# [Your objective]
Write the records out again without change. Leave the pictures behind.

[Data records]

--- START ---

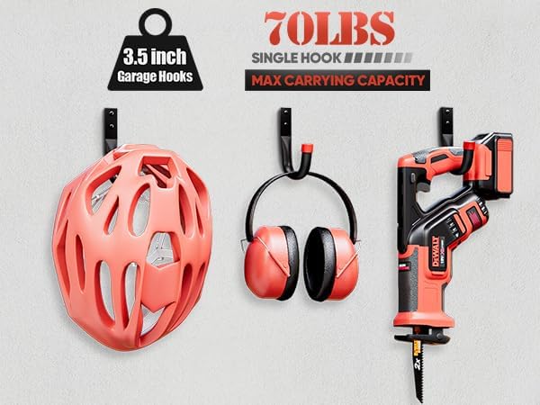 - Simple Design, Powerful Performance: Nacial garage hooks heavy duty combine simple design with ultimate durability, crafted from premium heavy-duty solid steel with rubber tip. These hooks support an impressive load capacity of up to 70 —twice that of standard hooks. Each hook features a 3-layer reinforced plate, shaped through over 20 precision steps and strengthened at high temperatures for 4 hours for superior load capacity. Nacial Simple Design—Great Hooks, Greater Performance
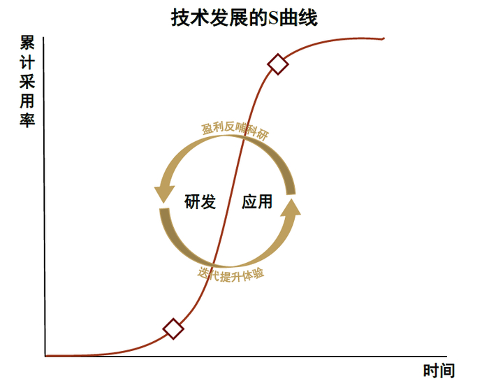 图表1.7:到达S型曲线的第一拐点后,“研发-应用”正向循环下进入技术迭代和扩散的加速期
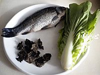 1食材:鲫鱼、干木耳和小白菜。
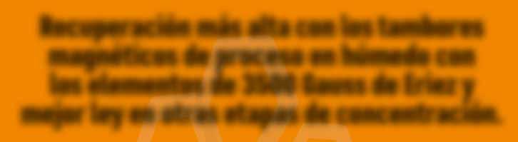 Recuperación más alta con los tambores magnéticos de proceso en húmedo con los elementos de 3500 Gauss de Eriez y mejor ley en otras etapas de concentración.
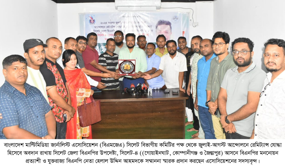 বাংলাদেশ মাল্টিমিডিয়া জার্নালিস্ট এসোসিয়েশন (বিএমজেএ) সিলেট বিভাগীয় কমিটির পক্ষ থেকে জুলাই-আগস্ট আন্দোলনে রেমিট্যান্স যোদ্ধা হিসেবে অবদান রাখায় সিলেট জেলা বিএনপির উপদেষ্টা, সিলেট-৪ ((গোয়াইনঘাট, কোম্পানীগঞ্জ ও জৈন্তাপুর) আসনে বিএনপির মননোয়ন প্রত্যাশী ও যুক্তরাজ্য বিএনপি নেতা হেলাল উদ্দিন আহমদকে সম্মাননা স্মারক প্রদান করছেন এসোসিয়েশনের সদস্যবৃন্দ।
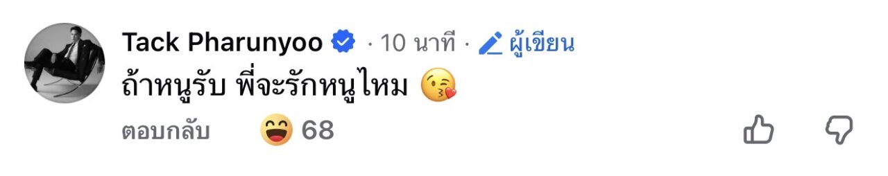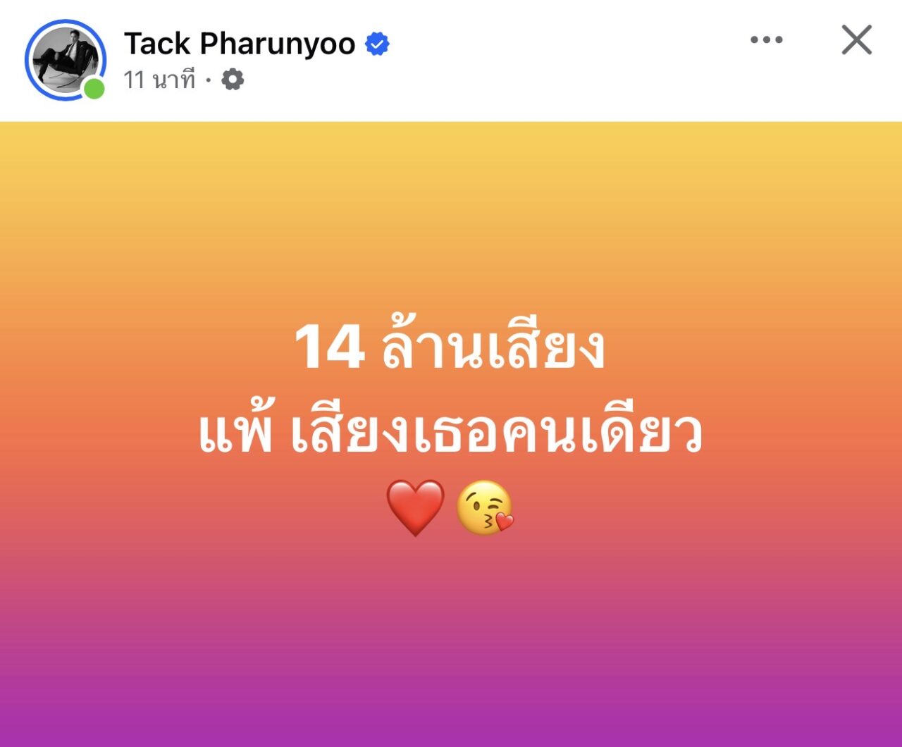 ล่าสุดนักแสดงหนุ่มอารมณ์ดีผู้เกาะติดทุกกระแสสังคมอย่าง “แทค-ภรัณยู โรจนวุฒิธรรม” ก็ได้ออกมาเคลื่อนไหวเกี่ยวกับประเด็นดังกล่าวผ่านเฟซบุ๊กส่วนตัว ซึ่งทำเอาชาวเน็ตถึงกับซี้ดปากในความช่างคิดช่างโพสต์ โดยหนุ่มแทคระบุข้อความสั้นๆ ว่า “14 ล้านเสียง แพ้ เสียงเธอคนเดียว” ไม่เพียงเท่านั้น หนุ่มแทคยังหยิบยกวลีเด็ดจากรายการชื่อดังของสาวก้อย มาเขียนต่อในช่องแสดงความคิดเห็นว่า “ถ้าหนูรับ พี่จะรักหนูไหม”
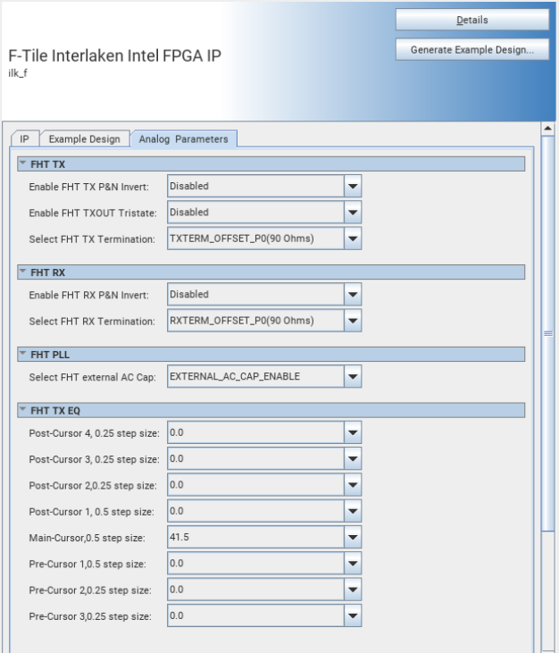 From Intel® Quartus® Prime Pro Edition Software version 23.3 onwards, a GUI based mechanism is implemented to set the analog parameters of F-tile transceivers. The figures below show the FGT and FHT Analog Parameters Tab.
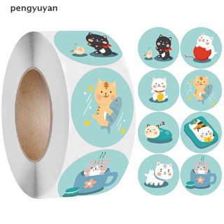 Bộ 500 Miếng Dán Tròn Họa Tiết Mèo Hoạt Hình Dễ Thương Dùng Trang Trí

--- END ---

# [Response to this exercise]
 - Simple Design, Powerful Performance: Nacial garage hooks heavy duty combine simple design with ultimate durability, crafted from premium heavy-duty solid steel with rubber tip. These hooks support an impressive load capacity of up to 70 —twice that of standard hooks. Each hook features a 3-layer reinforced plate, shaped through over 20 precision steps and strengthened at high temperatures for 4 hours for superior load capacity. Nacial Simple Design—Great Hooks, Greater Performance
 图表1.7:到达S型曲线的第一拐点后,“研发-应用”正向循环下进入技术迭代和扩散的加速期
 1食材:鲫鱼、干木耳和小白菜。
 Recuperación más alta con los tambores magnéticos de proceso en húmedo con los elementos de 3500 Gauss de Eriez y mejor ley en otras etapas de concentración.
 বাংলাদেশ মাল্টিমিডিয়া জার্নালিস্ট এসোসিয়েশন (বিএমজেএ) সিলেট বিভাগীয় কমিটির পক্ষ থেকে জুলাই-আগস্ট আন্দোলনে রেমিট্যান্স যোদ্ধা হিসেবে অবদান রাখায় সিলেট জেলা বিএনপির উপদেষ্টা, সিলেট-৪ ((গোয়াইনঘাট, কোম্পানীগঞ্জ ও জৈন্তাপুর) আসনে বিএনপির মননোয়ন প্রত্যাশী ও যুক্তরাজ্য বিএনপি নেতা হেলাল উদ্দিন আহমদকে সম্মাননা স্মারক প্রদান করছেন এসোসিয়েশনের সদস্যবৃন্দ।
 ล่าสุดนักแสดงหนุ่มอารมณ์ดีผู้เกาะติดทุกกระแสสังคมอย่าง “แทค-ภรัณยู โรจนวุฒิธรรม” ก็ได้ออกมาเคลื่อนไหวเกี่ยวกับประเด็นดังกล่าวผ่านเฟซบุ๊กส่วนตัว ซึ่งทำเอาชาวเน็ตถึงกับซี้ดปากในความช่างคิดช่างโพสต์ โดยหนุ่มแทคระบุข้อความสั้นๆ ว่า “14 ล้านเสียง แพ้ เสียงเธอคนเดียว” ไม่เพียงเท่านั้น หนุ่มแทคยังหยิบยกวลีเด็ดจากรายการชื่อดังของสาวก้อย มาเขียนต่อในช่องแสดงความคิดเห็นว่า “ถ้าหนูรับ พี่จะรักหนูไหม”
 From Intel® Quartus® Prime Pro Edition Software version 23.3 onwards, a GUI based mechanism is implemented to set the analog parameters of F-tile transceivers. The figures below show the FGT and FHT Analog Parameters Tab.
 Bộ 500 Miếng Dán Tròn Họa Tiết Mèo Hoạt Hình Dễ Thương Dùng Trang Trí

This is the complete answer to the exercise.